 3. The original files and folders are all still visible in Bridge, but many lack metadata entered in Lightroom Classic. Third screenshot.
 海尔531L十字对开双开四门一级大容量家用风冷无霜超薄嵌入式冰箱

★ ★ ★ ★ ★

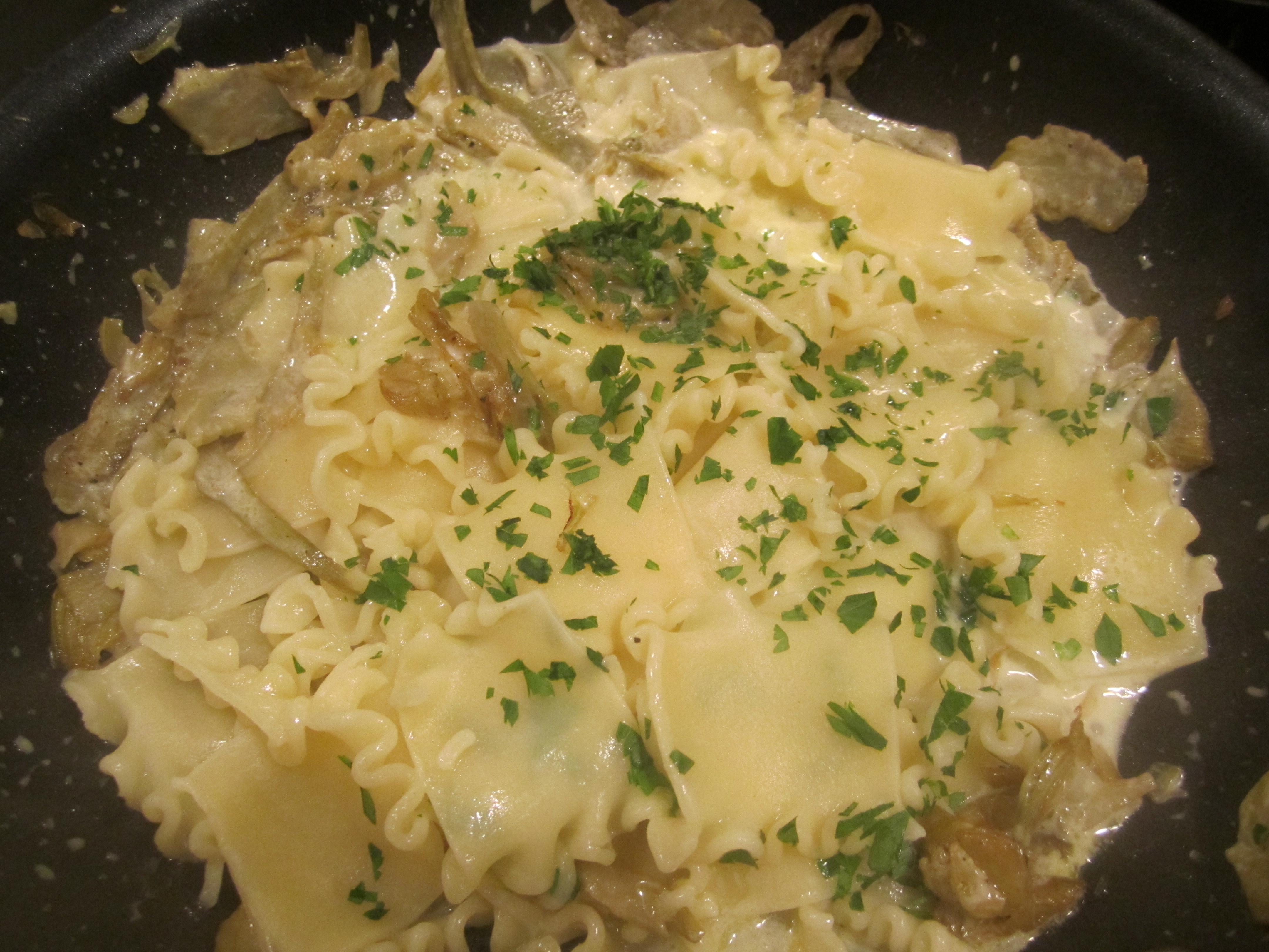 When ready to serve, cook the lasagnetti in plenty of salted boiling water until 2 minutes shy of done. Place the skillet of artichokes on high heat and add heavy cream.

★ ★ ★ ★ ★

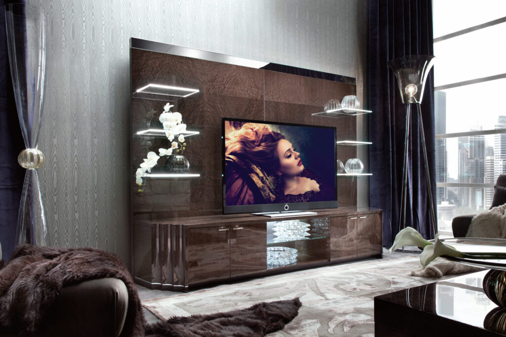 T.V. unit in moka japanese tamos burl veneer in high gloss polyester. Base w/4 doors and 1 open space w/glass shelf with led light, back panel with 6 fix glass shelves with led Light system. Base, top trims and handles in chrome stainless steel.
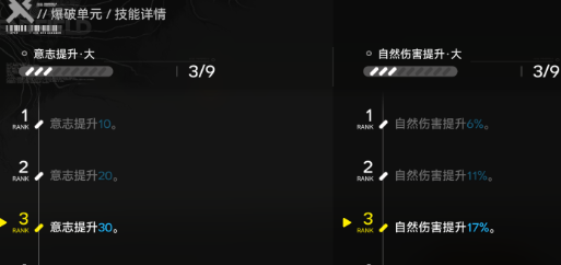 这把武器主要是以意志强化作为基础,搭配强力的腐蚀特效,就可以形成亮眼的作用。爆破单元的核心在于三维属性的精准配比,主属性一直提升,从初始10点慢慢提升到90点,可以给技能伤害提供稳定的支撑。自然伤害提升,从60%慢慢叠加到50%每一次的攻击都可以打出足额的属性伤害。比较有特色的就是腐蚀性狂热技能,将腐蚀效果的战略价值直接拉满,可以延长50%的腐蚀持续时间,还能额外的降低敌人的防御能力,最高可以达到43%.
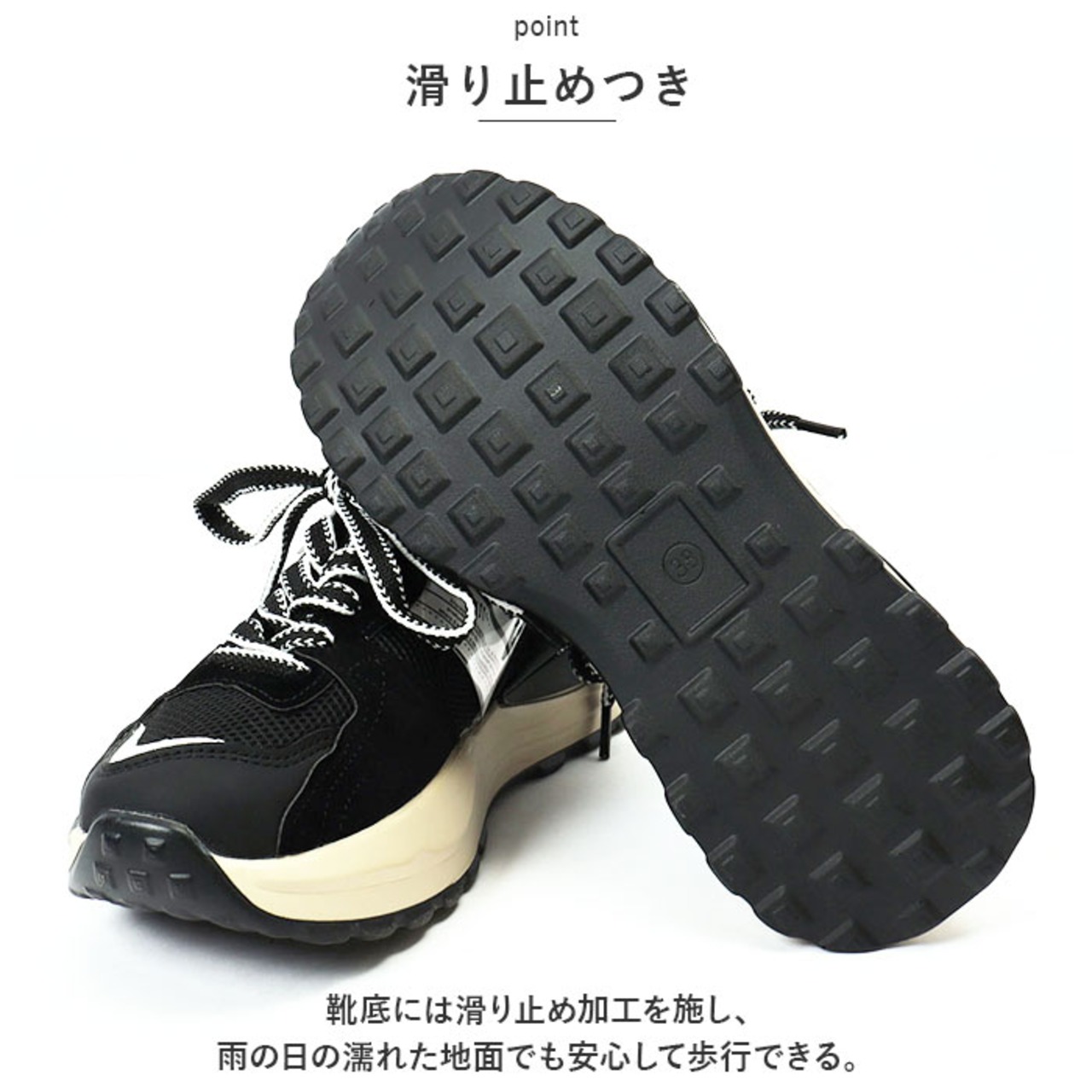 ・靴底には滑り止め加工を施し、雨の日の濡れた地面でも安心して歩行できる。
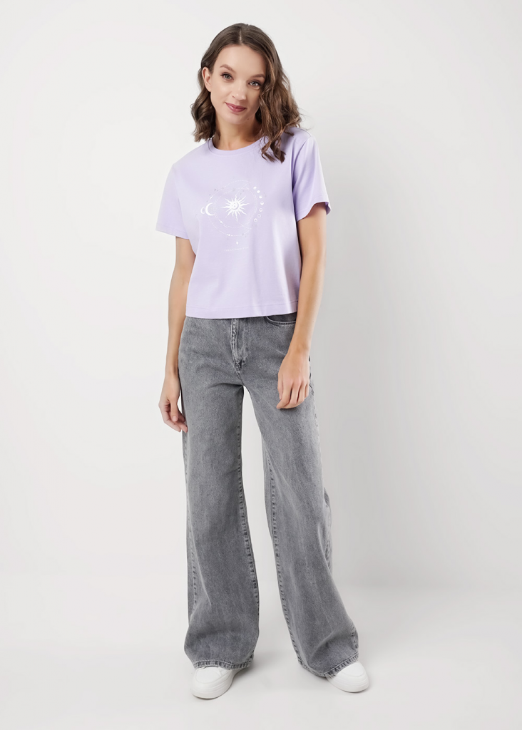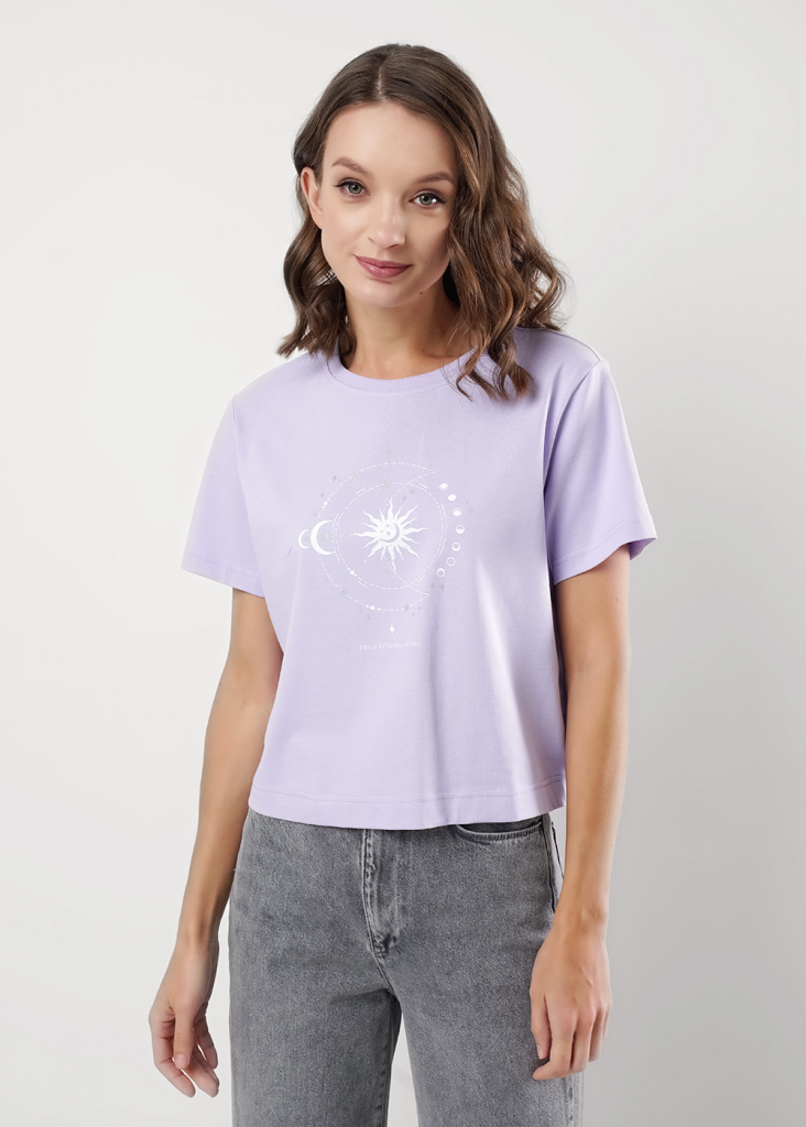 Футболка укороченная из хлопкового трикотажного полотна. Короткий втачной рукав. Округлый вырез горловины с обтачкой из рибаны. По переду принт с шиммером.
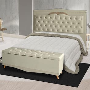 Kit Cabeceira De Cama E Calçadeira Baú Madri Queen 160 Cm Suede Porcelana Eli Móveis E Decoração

★ ★ ★ ★ ★

**What to work on**:
Look above for the line holding "3. The original" and the line holding "海尔531L十字对开双开四门一级大容量家用风冷无霜超薄嵌入式冰箱", then output exactly those two lines and every line between them, nothing more.

**Answer space**:
 3. The original files and folders are all still visible in Bridge, but many lack metadata entered in Lightroom Classic. Third screenshot.
 海尔531L十字对开双开四门一级大容量家用风冷无霜超薄嵌入式冰箱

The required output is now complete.